REQUIRED ACTION -
Nothing beyond the line containing "Kit 10 Trufas" is to be printed; print exactly each line from the start of the records below through that line, leaving out pictures.

◇ ◇ ◇ ◇

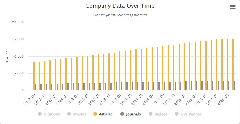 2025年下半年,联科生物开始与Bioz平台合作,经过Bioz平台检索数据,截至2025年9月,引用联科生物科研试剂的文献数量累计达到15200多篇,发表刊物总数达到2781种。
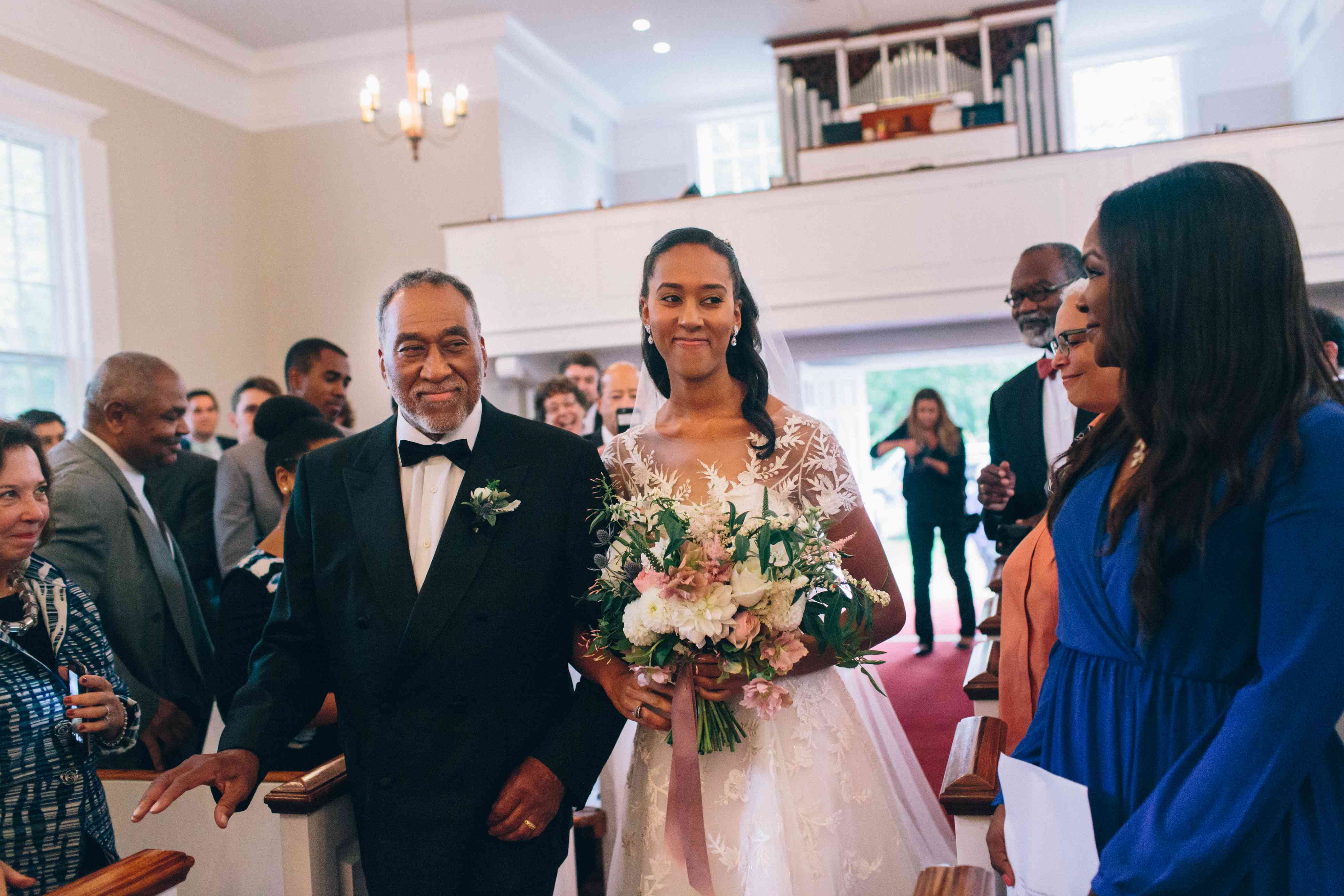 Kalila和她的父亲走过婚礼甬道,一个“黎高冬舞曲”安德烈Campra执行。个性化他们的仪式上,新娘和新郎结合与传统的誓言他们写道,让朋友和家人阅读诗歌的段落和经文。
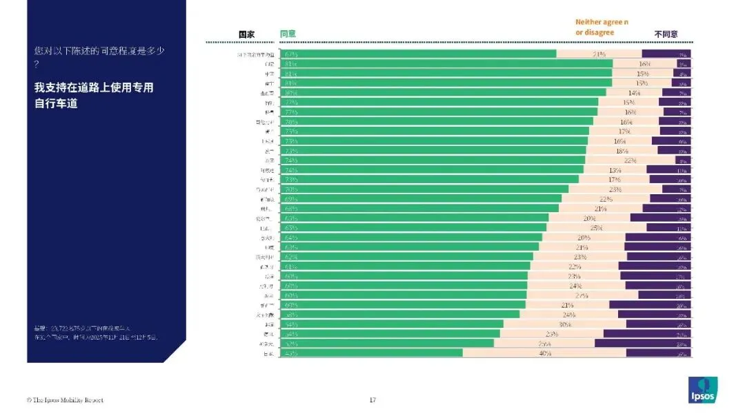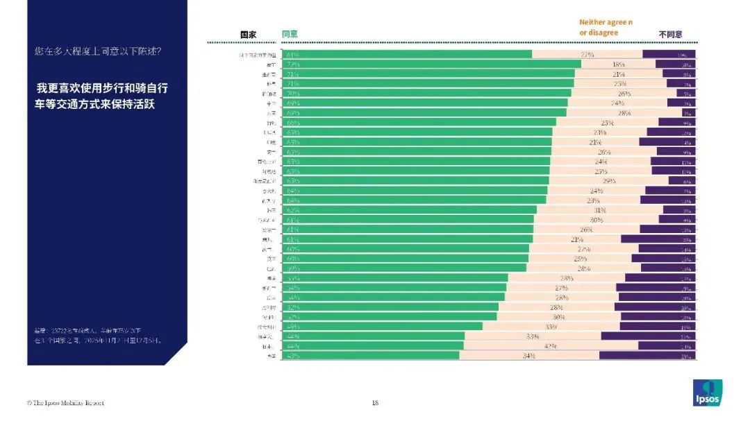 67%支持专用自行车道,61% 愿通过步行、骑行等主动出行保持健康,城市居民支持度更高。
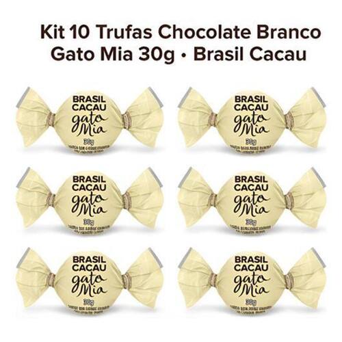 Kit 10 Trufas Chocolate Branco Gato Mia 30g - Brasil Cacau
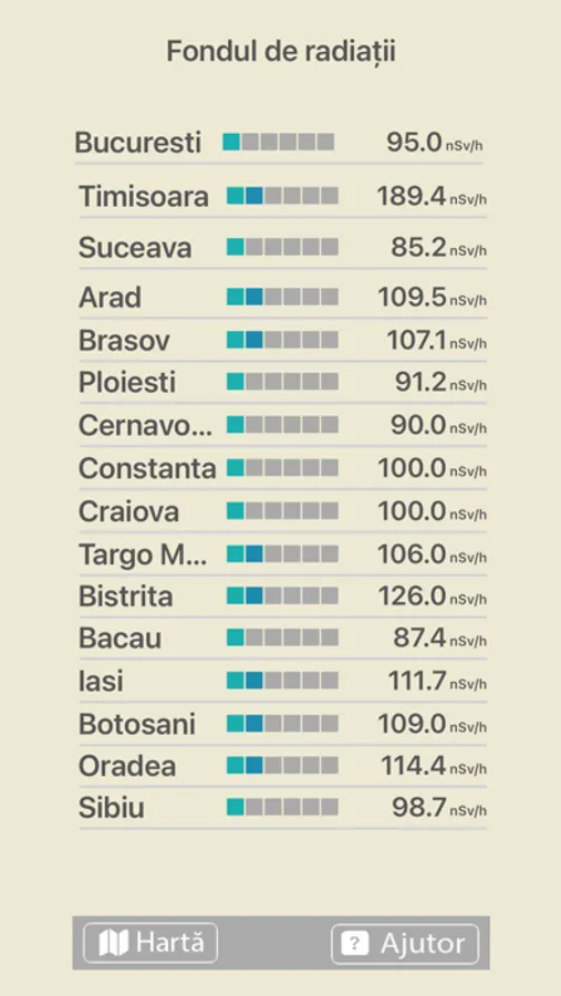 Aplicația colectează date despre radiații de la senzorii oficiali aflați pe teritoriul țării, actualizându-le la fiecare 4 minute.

◇ ◇ ◇ ◇

ANSWER TO THE EXERCISE -
 2025年下半年,联科生物开始与Bioz平台合作,经过Bioz平台检索数据,截至2025年9月,引用联科生物科研试剂的文献数量累计达到15200多篇,发表刊物总数达到2781种。
 Kalila和她的父亲走过婚礼甬道,一个“黎高冬舞曲”安德烈Campra执行。个性化他们的仪式上,新娘和新郎结合与传统的誓言他们写道,让朋友和家人阅读诗歌的段落和经文。
 67%支持专用自行车道,61% 愿通过步行、骑行等主动出行保持健康,城市居民支持度更高。
 Kit 10 Trufas Chocolate Branco Gato Mia 30g - Brasil Cacau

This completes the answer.